In the 1-s time window after song truncation, optical stimulation effects were manually classified as falling into one of four categories: (1) motif reset (restarting with the first song syllable, with introductory notes or with syllables that normally link motifs); (2) calls (typical zebra finch calls); (3) introductory notes (those not followed by motif initiation); or (4) pause and continuation (post-truncation motif resumption at any syllable in the motif other than the first syllable). To calculate the normalized motif reset probability, the number of motifs per bout was calculated over 30–50 bouts (defined as chains of motifs, started with introductory notes and mostly uninterrupted; in rare occasions, we found motifs produced within 1 s from other motifs, and they were considered as part of the previous bout; M, average number of motifs per bout). Each bird’s probability of motif truncation was then normalized (normalized motif reset probability = motif reset probability/[1 − (1/M)), following the logic that 1/M is the likelihood of each motif to be the last in the bout and not be followed by another motif. Therefore, 1 − (1/M) is the probability of a motif to be followed by another motif in the current bout. The probability of reset implies the presence of a motif after the truncated one examined. Therefore, dividing by the likelihood of that motif being followed by another one returns a normalized measure of the reset.

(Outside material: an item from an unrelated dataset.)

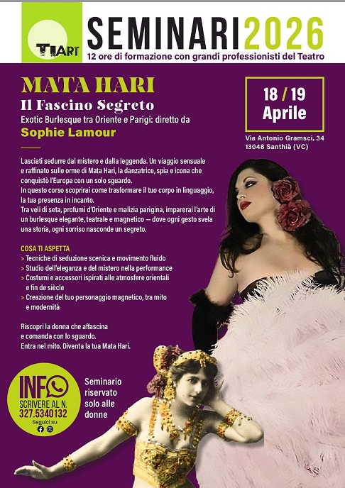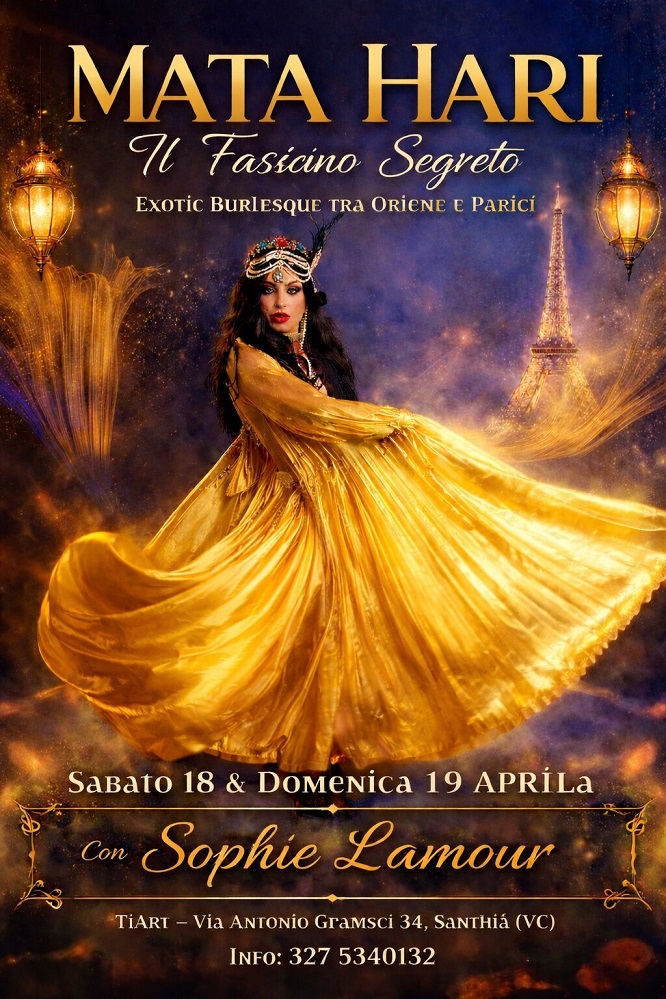 Sabato 18 e domenica 19 aprile a Santhià, in provincia di Vercelli, Sophie Lamour terrà un seminario dal titolo “MATA HARI – Il Fascino Segreto”, l’occasione per lasciarsi sedurre dal mistero e dalla leggenda.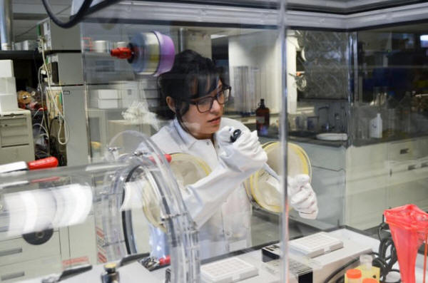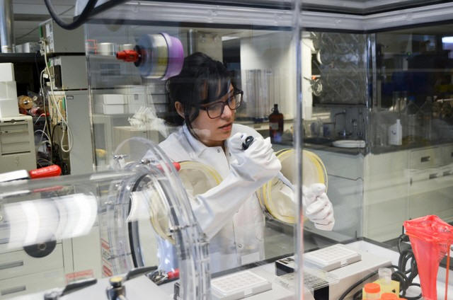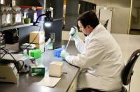 Athersys scientist pipettes sample for analysis in this handout

To report cross-motif quantification of truncation or reset latency and resumed vocalization identity probability, events were categorized depending on the time point within the motif at which the onset of the corresponding stimulation occurred. The events were then grouped in 10% bins across the motif duration, per bird, to allow for comparison between birds with different motif lengths. Then 100% for each bird was set to the duration of the motif −100 ms, as the latency to truncation when applied later than 100 ms before the end of the motif would lead to unclear effects on the syllables (average truncation latency across groups = 74.36 ± 3.06). Whenever the stimulation happened in the last 100 ms of motif, the events were classified in the −20% to 0% bins, affecting the transition to the following motif (if any). Stimulations, truncations and post-truncation effects occurring during introductory notes and inter-motif connecting syllables were assigned to these −20% to 0% time bins on the basis of their temporal distance to the syllable A (if no syllable A onset was produced, the effects were not considered for further analysis, as we could not categorize the introductory note as produced at specific distance from the motif for the percentage computation).

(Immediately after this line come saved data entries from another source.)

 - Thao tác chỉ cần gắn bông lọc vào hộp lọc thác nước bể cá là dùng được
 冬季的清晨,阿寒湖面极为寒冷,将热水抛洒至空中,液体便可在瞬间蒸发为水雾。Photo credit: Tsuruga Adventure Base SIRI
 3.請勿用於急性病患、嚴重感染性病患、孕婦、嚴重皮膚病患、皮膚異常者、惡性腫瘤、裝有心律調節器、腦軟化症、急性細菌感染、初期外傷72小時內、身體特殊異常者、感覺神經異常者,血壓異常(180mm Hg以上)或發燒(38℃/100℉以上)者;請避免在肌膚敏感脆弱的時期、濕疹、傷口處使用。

To evaluate the likelihood of optogenetic inhibition or stimulation across a motif–motif transition to terminate a bout (Extended Data Fig. 4d–h), we delivered light or sham stimulation across the motif and extending beyond its end, and we quantified the probability of the stimulation to be contingent with the termination of the bout for 50 trials in each condition.

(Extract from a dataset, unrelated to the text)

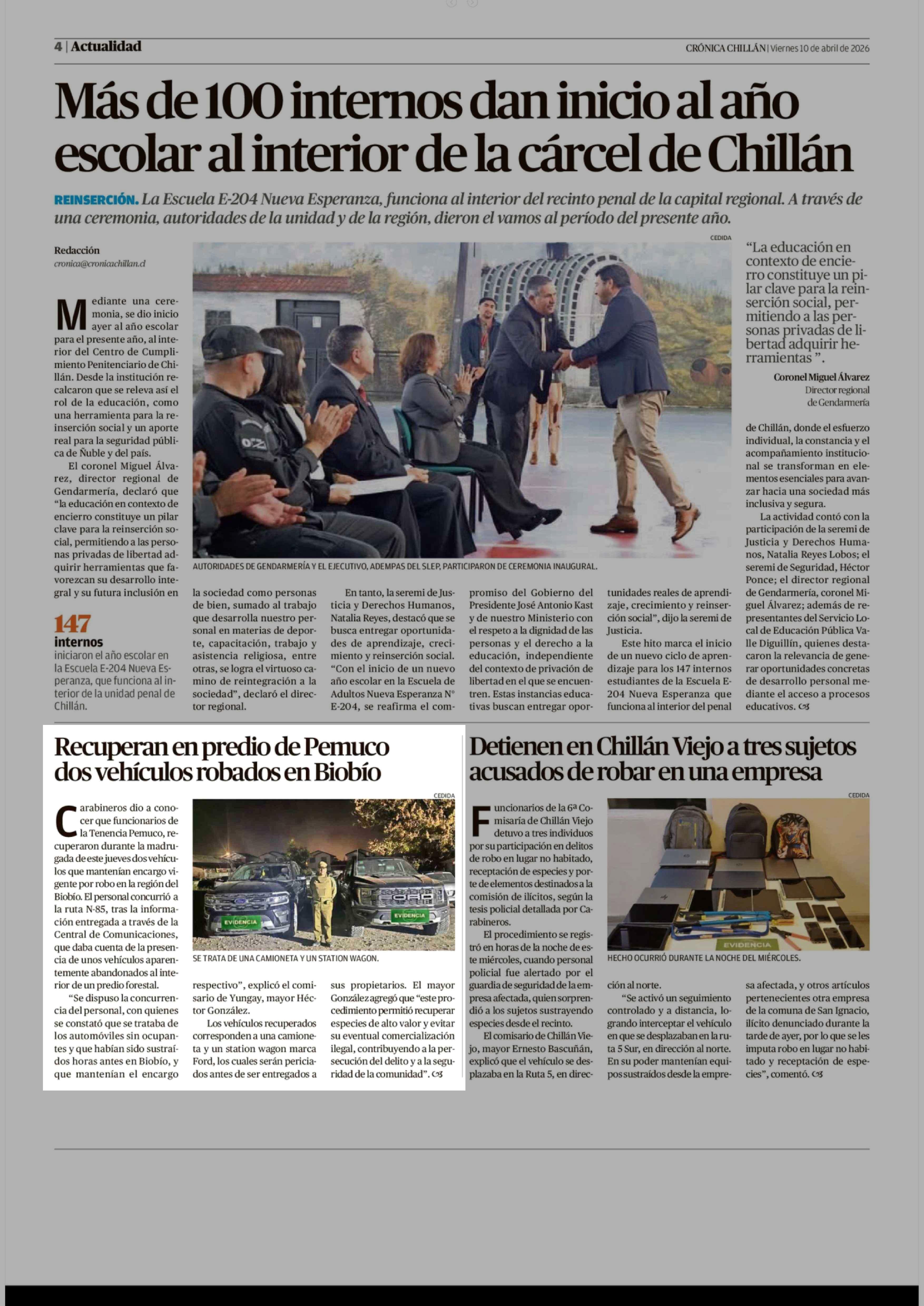 | Fecha: | 10-04-2026 | Sector: | Noticia general | Región: | Región del Ñuble |

In lesion experiments, a minimum of 20 motifs were scored with SAP against pre-surgery motifs. Failed motif starts were defined as a series of introductory notes not leading to a motif. The number of motifs in a bout was counted over 50 bouts; for TeNT experiments, for birds that would ultimately lose their song (UVAHVC TeNT; some HVCX TeNT), the last 50 bouts before song cessation were analysed. In case of absence of motifs being produced post-lesion in Fig. 3b (the birds did not sing at all), the accuracy was assigned the value of 0 for the sake of classification.

Recurrent circuit model of HVC

The computational model used in this study is on the basis of a canonical recurrent circuit model (continuous attractor neural network67,68,69) and simulated in the BrainPy framework70. In a typical continuous attractor neural network, excitatory neurons are arranged to uniformly cover a linear feature space (for example, the location of the timing chain in the current case71) and have mutual interactions through recurrent connections72. This configuration gives rise to a continuous manifold that sustains a series of activity bumps. A song motif is considered to be controlled by an activity bump traversing from one end of the chain to another73.

To better reflect the biological characteristics of the songbird HVC, we introduced several specific features.

The model incorporates the following five distinct neuron types to capture the functional diversity in the songbird HVC:

  1. (1)

    Excitatory neurons (HVCRA, \({{\bf{r}}}_{{\rm{RA}}}\), and HVCX, \({{\bf{r}}}_{{\rm{X}}}\))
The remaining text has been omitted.